* _PROBLEM_: An exact restatement of the data is required, with the images omitted.

DATA SECTION below:

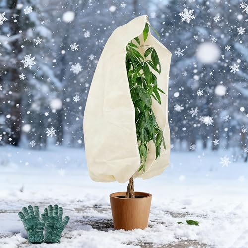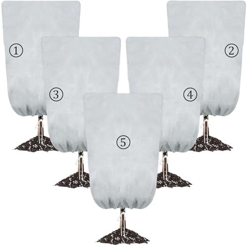 5PCS Thick Plant Fleece Frost Protection - 80x120cm 80gms with Drawstring,Winter Horticultural Jacket Blanket Fabric Cloth for Outdoor Fruit Olive Tree Bushes Shrub Potted Keep Warm,Garden Cover Bags
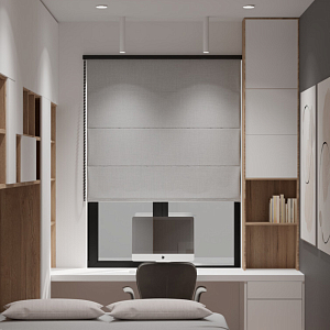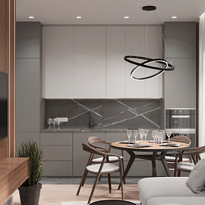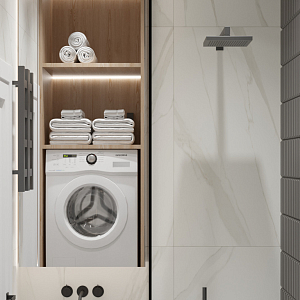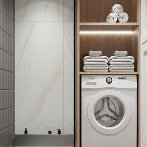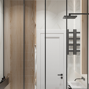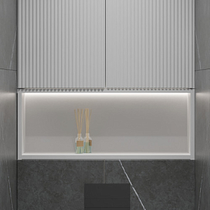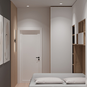 Интерьер спальни cветовыми линиями, рейками с подсветкой, бра над кроватью, подсветкой настенной, подсветкой светодиодной и светильниками над кроватью в современном стиле, проект «ЖК Баланс» №5
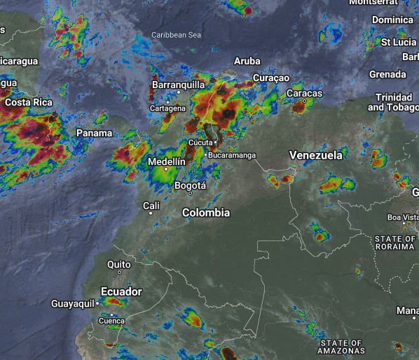 El ramal Pacífico de la Zona de Confluencia Intertropical en interacción con una Vaguada, el ingreso de humedad por el Oriente del país y procesos convectivos locales, favorecen condiciones inestables que generan lluvias sectorizadas a fuertes y algunas tormentas en sectores de los departamentos de Atlántico, Magdalena, Cesar, Sucre, Córdoba, Bolívar, Norte de Santander, Antioquia, Chocó, Valle del Cauca, Cauca, Nariño, Putumayo, Caquetá, Guaviare, Meta y Vaupés. Precipitaciones ocasionales y lluvias de menor intensidad en los departamentos de la Guajira, Eje Cafetero, Tolima, Huila, Cundinamarca, Boyacá, Santander, Arauca y Casanare.

End of DATA SECTION.

* _RESPONSE AREA_:
 5PCS Thick Plant Fleece Frost Protection - 80x120cm 80gms with Drawstring,Winter Horticultural Jacket Blanket Fabric Cloth for Outdoor Fruit Olive Tree Bushes Shrub Potted Keep Warm,Garden Cover Bags
 Интерьер спальни cветовыми линиями, рейками с подсветкой, бра над кроватью, подсветкой настенной, подсветкой светодиодной и светильниками над кроватью в современном стиле, проект «ЖК Баланс» №5
 El ramal Pacífico de la Zona de Confluencia Intertropical en interacción con una Vaguada, el ingreso de humedad por el Oriente del país y procesos convectivos locales, favorecen condiciones inestables que generan lluvias sectorizadas a fuertes y algunas tormentas en sectores de los departamentos de Atlántico, Magdalena, Cesar, Sucre, Córdoba, Bolívar, Norte de Santander, Antioquia, Chocó, Valle del Cauca, Cauca, Nariño, Putumayo, Caquetá, Guaviare, Meta y Vaupés. Precipitaciones ocasionales y lluvias de menor intensidad en los departamentos de la Guajira, Eje Cafetero, Tolima, Huila, Cundinamarca, Boyacá, Santander, Arauca y Casanare.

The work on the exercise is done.